§ TASK PROMPT: Line by line, copy out the entries exactly and leave the pictures behind.

▶

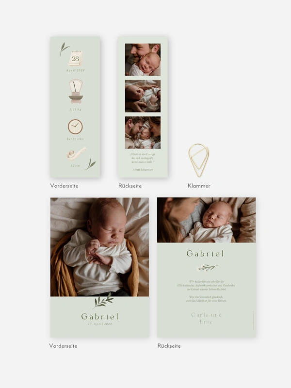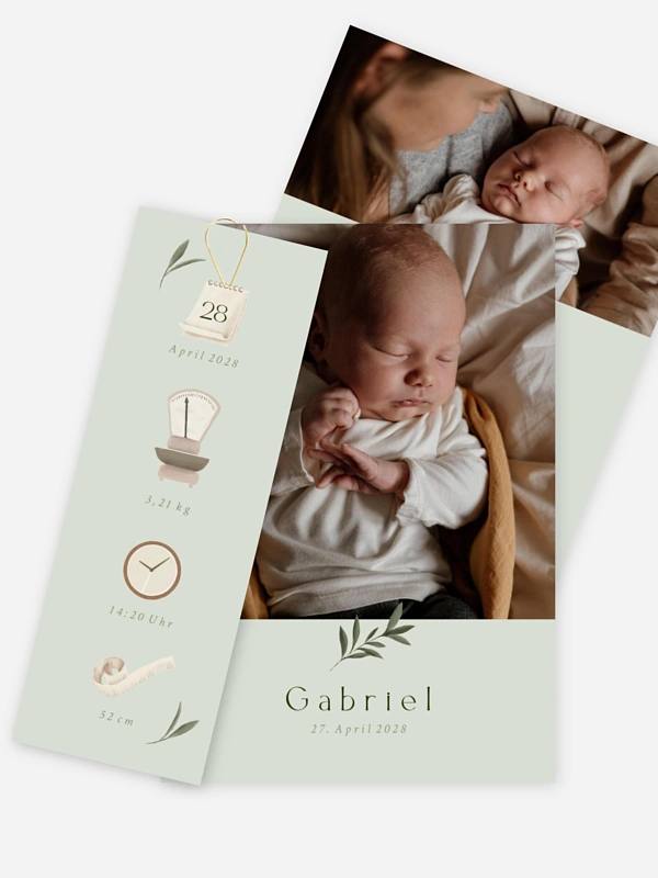 Unsere Geburtskarte "Willkommensgrün" verzaubert mit liebevollen Illustrationen, welche die wichtigsten ersten Daten Ihres Kindes anzeigen.
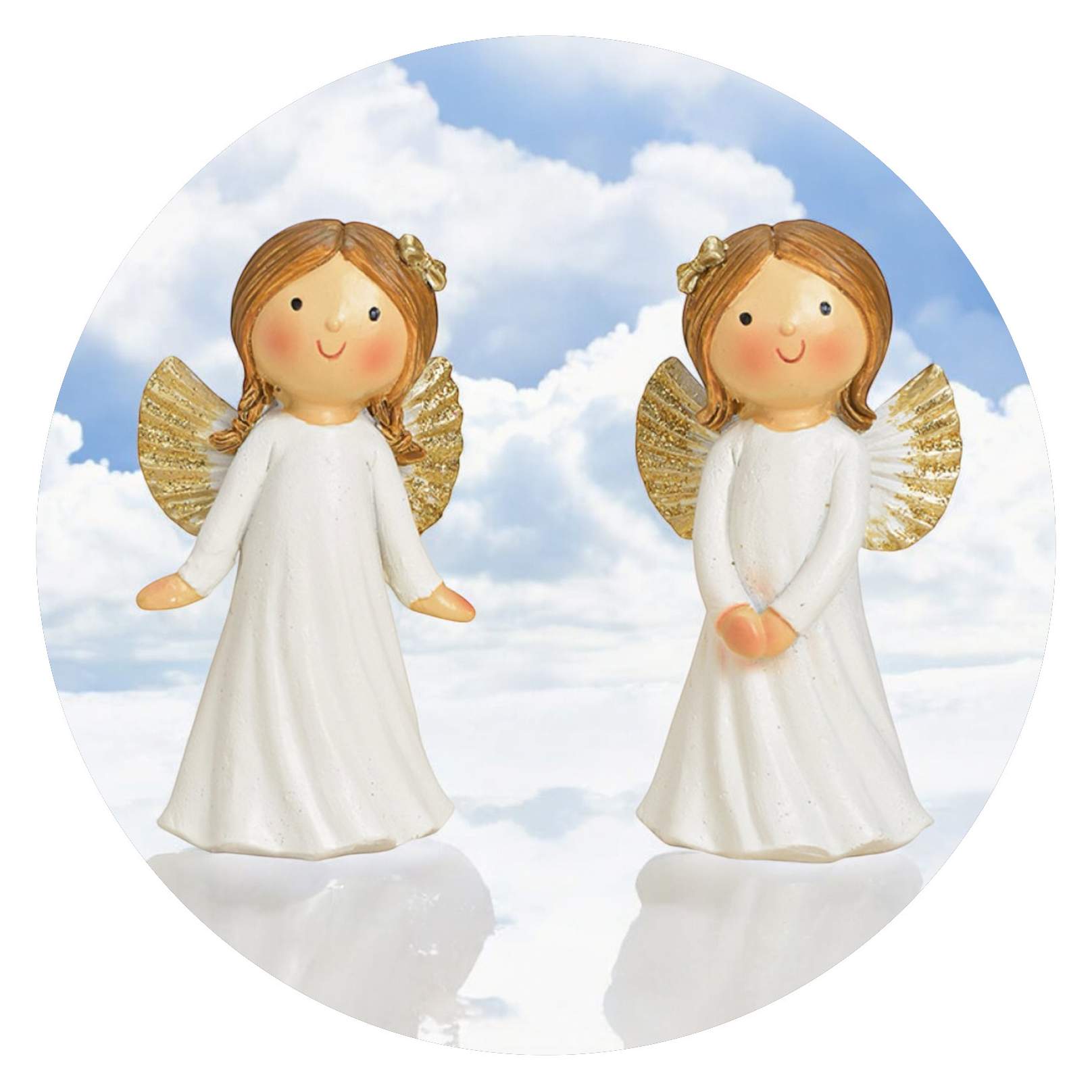 Ze zijn gewoon te schattig, deze engelenzusjes. Ze zijn gemaakt van sterk polyresin en geschilderd met gouden details, zoals het schattige strikje in hun haartjes en de randen van hun vleugeltjes. En ze zijn natuurlijk ontzettend lief. Ze staan glimlachend te kijken, alsof ze willen zeggen: Je doet het goed. Ik ben trots op je.
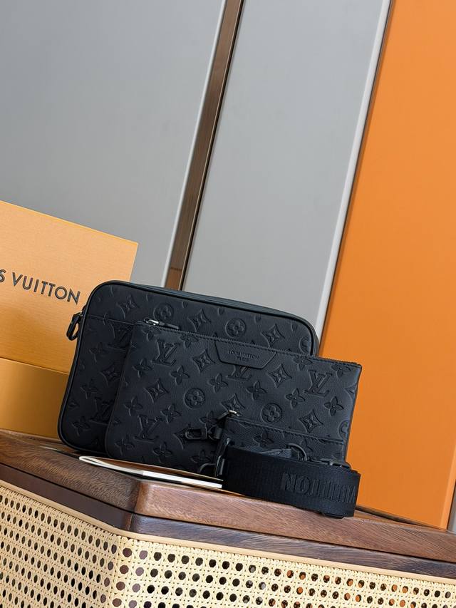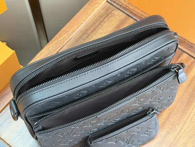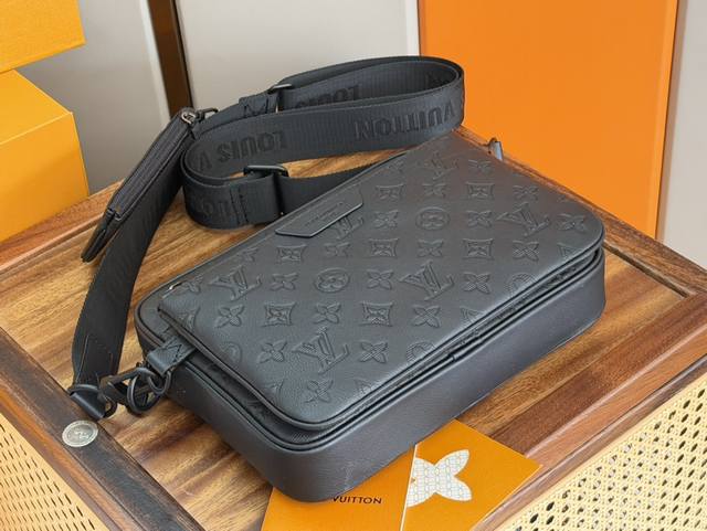 163C01 Dynamic Chip Top-Tier Original Trio Messenger Bag M27925 Dark Blue 26713 Black Striped Embossed DDD Made of supple Monogram Shadow Hx calfskin leather, featuring a Monogram Shadow leather strap and main compartment. The zippered front pocket, shoulder strap, and coin purse are all detachable. The shoulder strap is also adjustable for a comfortable and snug fit. DDD Dimensions: 18.5 x 7 x 25 cm DDD
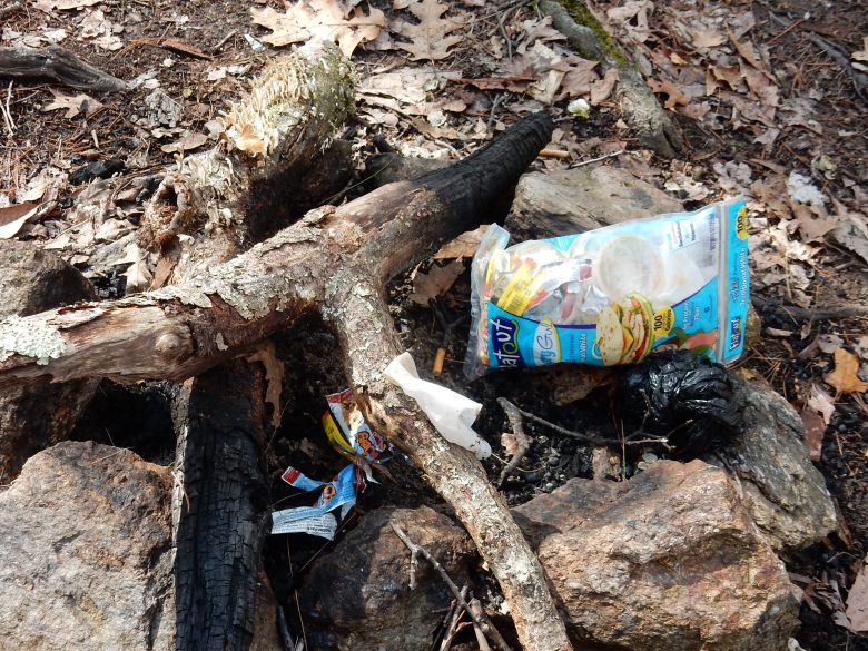 Pet peeves are many among AT hikers, and litter ranks at the top of the list. An errant candy bar wrapper from a hiker’s pocket can be excused (sort of), but not trash discarded in the firepit or the privy vault. And it’s all too common to find gallon zip-close bags of garbage left in lean-tos or at road crossings. Exposed toilet paper and excrement are big offenders. Bury your waste, please, as deep as you can. Some backcountry areas require you to pack out your TP, a good idea on heavily-trafficked trails.
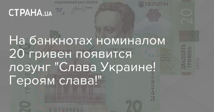 Национальный банк Украины в рамках планового выпуска с сегодняшнего дня вводит в обращение модифицированные банкноты номиналом 20 гривен. В правой верхней части на оборотной стороне обновленных банкнот размещен лозунгом "Слава Украине! Героям слава!".
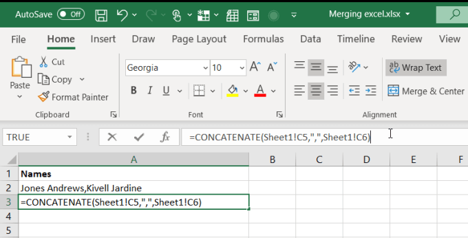 - When you press Enter, you’ll see the concatenated data appear in the new row, separated by commas. To merge more rows, just copy and paste the first cell into the second new row, and edit the formula to include the rows from the original sheet that you want to merge.
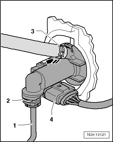 - Press the hose/line assembly - 1 - and seal - 2 - into the clutch master cylinder connection - 4 - until the clip - 3 - clicks into place.

◀

§ ANSWER SPACE:
 Unsere Geburtskarte "Willkommensgrün" verzaubert mit liebevollen Illustrationen, welche die wichtigsten ersten Daten Ihres Kindes anzeigen.
 Ze zijn gewoon te schattig, deze engelenzusjes. Ze zijn gemaakt van sterk polyresin en geschilderd met gouden details, zoals het schattige strikje in hun haartjes en de randen van hun vleugeltjes. En ze zijn natuurlijk ontzettend lief. Ze staan glimlachend te kijken, alsof ze willen zeggen: Je doet het goed. Ik ben trots op je.
 163C01 Dynamic Chip Top-Tier Original Trio Messenger Bag M27925 Dark Blue 26713 Black Striped Embossed DDD Made of supple Monogram Shadow Hx calfskin leather, featuring a Monogram Shadow leather strap and main compartment. The zippered front pocket, shoulder strap, and coin purse are all detachable. The shoulder strap is also adjustable for a comfortable and snug fit. DDD Dimensions: 18.5 x 7 x 25 cm DDD
 Pet peeves are many among AT hikers, and litter ranks at the top of the list. An errant candy bar wrapper from a hiker’s pocket can be excused (sort of), but not trash discarded in the firepit or the privy vault. And it’s all too common to find gallon zip-close bags of garbage left in lean-tos or at road crossings. Exposed toilet paper and excrement are big offenders. Bury your waste, please, as deep as you can. Some backcountry areas require you to pack out your TP, a good idea on heavily-trafficked trails.
 Национальный банк Украины в рамках планового выпуска с сегодняшнего дня вводит в обращение модифицированные банкноты номиналом 20 гривен. В правой верхней части на оборотной стороне обновленных банкнот размещен лозунгом "Слава Украине! Героям слава!".
 - When you press Enter, you’ll see the concatenated data appear in the new row, separated by commas. To merge more rows, just copy and paste the first cell into the second new row, and edit the formula to include the rows from the original sheet that you want to merge.
 - Press the hose/line assembly - 1 - and seal - 2 - into the clutch master cylinder connection - 4 - until the clip - 3 - clicks into place.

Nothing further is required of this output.